LONDON — Take away the state-of-the-art drones and the gyro-stabilized 4K cameras from the BBC’s latest blue-chip natural history series, “A Perfect Planet.” Strip out the luscious score and the stunning close-ups of nature at its most intimate.
What you are left with are the same clipped tones and breathy, awe-struck commentary that entertained and educated the viewers of grainy black-and-white nature programs in the 1950s.
It is hard to find anything in modern television that has endured since the middle of the last century. Yet there is the British naturalist Sir David Attenborough and his reassuring, occasionally chiding, voice-of-God narration, virtually undimmed by age, still lending gravitas and luster to sequences of lesser flamingos in Tanzania, land iguanas on the Galápagos Islands and flamboyant cuttlefish off the coasts of Indonesia.
Repeatedly voted both the most trusted and popular person in his home country, Attenborough may be the most traveled human in history. (For his landmark 1979 series “Life on Earth” alone, he traveled 1.5 million miles.) “If the world is, indeed, to be saved,” writes the environmental journalist and activist Simon Barnes, “then Attenborough will have had more to do with its salvation than anyone else who ever lived.”
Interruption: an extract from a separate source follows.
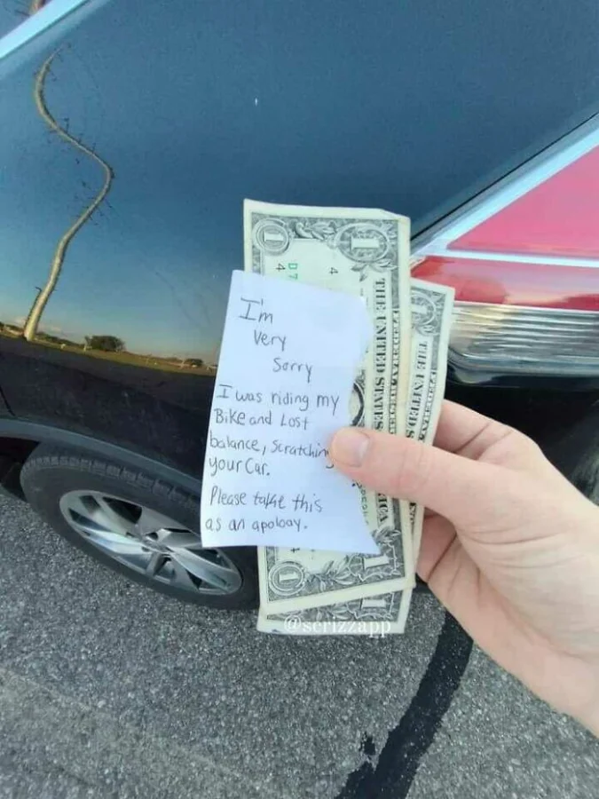 «Мне очень жаль. Я ехал на велосипеде и потерял баланс. Поцарапал вашу машину. Пожалуйста, возьмите это в качестве извинения».
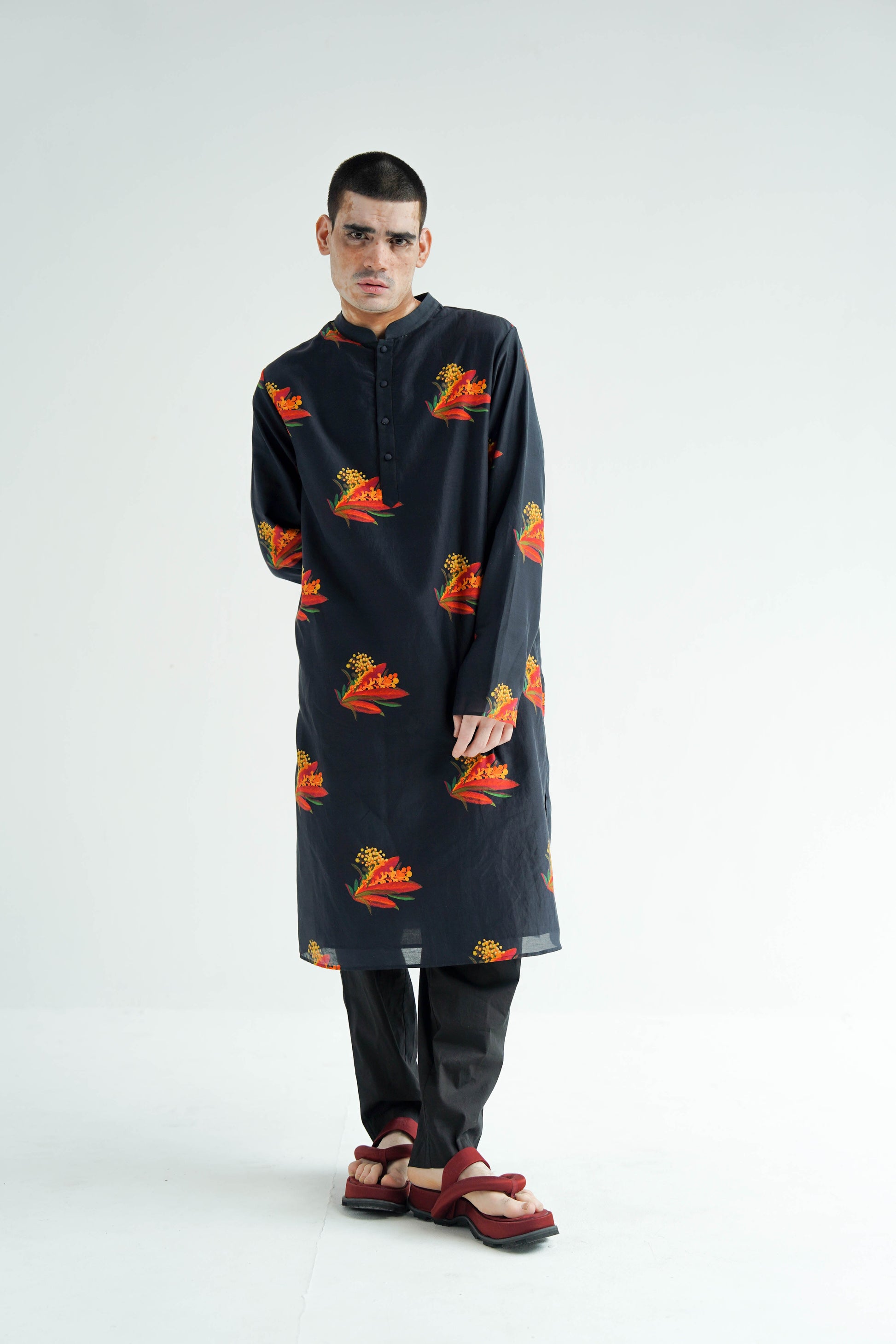 This ensemble is meticulously crafted in silk, paired with digitally printed cotton relaxed fit pants marrying luxury with comfort. Designed for a relaxed fit that exudes ease and comfort. This nero kurta set is finely tailored and finished.

TV executives have been planning his retirement for more than 30 years, but at 94, Attenborough is still at the top of his food chain and being asked to front some of the most lavish and expensive productions to hit our screens.

Credit…Tui De Roy/Silverback Films
His latest, which debuts on Jan. 4 in the United States on the streaming service Discovery+, was filmed in 31 countries over four years (and six volcanic eruptions). Across five episodes, it will examine the forces of nature that shape all life: volcanoes, sunlight, weather, oceans and the newest: humans.”